It's always amazing to me when someone dies, how an entire family's world comes to a dead halt, nothing else matters in that moment, yet all around them, the rest of the world just keeps spinning on and on, people go about their lives, like it's any other day.
At times, it makes me want to scream for them to stop and realize something serious is happening. Other times, I wish I was like them, living like it's any other day, and my relative or friend is still doing fine.
Let's talk about the mini breakdown moments...there I am, going about my usual business, and the sadness comes out of nowhere and I skip a breath, my eyes well up with tears, I feel my lip quivering, and I'm thinking, "Not now, I'm out in public" or "I'm about to get up in front of people to speak." When I let it happen, it lasts just a few seconds and it's gone. Almost as quick as a sneeze you feel building up, then all at once you sneeze and it's over. When I hold it back, however, there's a sharp pain in the top of my head. Is this normal? Before I can wonder about that, it vanishes. I resume what I was doing but wonder how long before it will happen again.
I don't think I'm alone in this.
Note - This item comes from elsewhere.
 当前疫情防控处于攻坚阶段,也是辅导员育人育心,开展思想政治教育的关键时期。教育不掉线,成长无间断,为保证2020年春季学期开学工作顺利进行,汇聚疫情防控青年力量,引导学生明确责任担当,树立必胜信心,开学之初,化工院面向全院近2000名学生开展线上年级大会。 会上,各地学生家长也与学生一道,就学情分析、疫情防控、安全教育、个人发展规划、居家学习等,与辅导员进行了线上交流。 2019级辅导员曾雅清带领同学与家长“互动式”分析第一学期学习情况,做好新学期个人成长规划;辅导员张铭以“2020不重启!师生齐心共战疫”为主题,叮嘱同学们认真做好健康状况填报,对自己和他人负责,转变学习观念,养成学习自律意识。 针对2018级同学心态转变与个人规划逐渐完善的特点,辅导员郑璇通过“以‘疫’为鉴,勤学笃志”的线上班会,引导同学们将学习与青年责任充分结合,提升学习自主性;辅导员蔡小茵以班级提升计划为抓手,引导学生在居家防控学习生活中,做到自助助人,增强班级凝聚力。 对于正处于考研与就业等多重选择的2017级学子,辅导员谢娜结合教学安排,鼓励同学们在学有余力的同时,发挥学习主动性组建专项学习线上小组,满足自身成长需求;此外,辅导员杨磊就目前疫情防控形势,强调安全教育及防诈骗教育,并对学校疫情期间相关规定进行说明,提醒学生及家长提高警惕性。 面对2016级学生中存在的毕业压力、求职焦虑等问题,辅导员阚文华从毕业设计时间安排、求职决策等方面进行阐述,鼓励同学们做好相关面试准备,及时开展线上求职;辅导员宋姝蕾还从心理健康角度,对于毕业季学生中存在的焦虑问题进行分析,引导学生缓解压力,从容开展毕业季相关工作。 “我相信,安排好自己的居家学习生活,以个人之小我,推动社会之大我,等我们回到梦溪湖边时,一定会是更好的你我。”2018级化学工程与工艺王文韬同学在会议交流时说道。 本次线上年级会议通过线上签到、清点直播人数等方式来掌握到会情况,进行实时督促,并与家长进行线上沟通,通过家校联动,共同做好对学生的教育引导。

I believe this happens to others when dealing with grieving, divorce, worry over a loved one, situations feel hopeless, etc. It's so weird in that moment. It's like my mind and body are working together but they didn't send me the memo. It's like I'm just along for the ride and my mind and my body will continue to react to the loss and I'll just keep being surprised by it.
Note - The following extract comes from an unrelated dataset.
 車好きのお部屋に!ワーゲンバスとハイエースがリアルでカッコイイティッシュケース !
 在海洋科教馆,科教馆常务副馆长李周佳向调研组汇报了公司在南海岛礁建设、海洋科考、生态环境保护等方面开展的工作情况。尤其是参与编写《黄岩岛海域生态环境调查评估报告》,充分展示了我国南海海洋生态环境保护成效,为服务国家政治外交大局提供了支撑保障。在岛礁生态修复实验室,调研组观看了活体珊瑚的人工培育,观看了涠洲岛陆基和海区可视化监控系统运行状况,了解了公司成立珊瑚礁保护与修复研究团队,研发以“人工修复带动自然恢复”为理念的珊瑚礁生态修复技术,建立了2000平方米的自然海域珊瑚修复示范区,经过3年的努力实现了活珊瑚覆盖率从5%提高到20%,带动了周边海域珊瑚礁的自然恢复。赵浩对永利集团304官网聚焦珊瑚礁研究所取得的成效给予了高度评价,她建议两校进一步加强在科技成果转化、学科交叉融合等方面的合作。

I know from experience that when you lose a loved one it does get easier to get through the day as time goes on, but you don't forget the love, the memories, and the last words you shared. But you know what? Today is not that day! So here I am, thinking, grieving, trying to shut it down if only for a few brief moments so my head will stop hurting. Eventually, it will get better. And that's the hope I hold onto.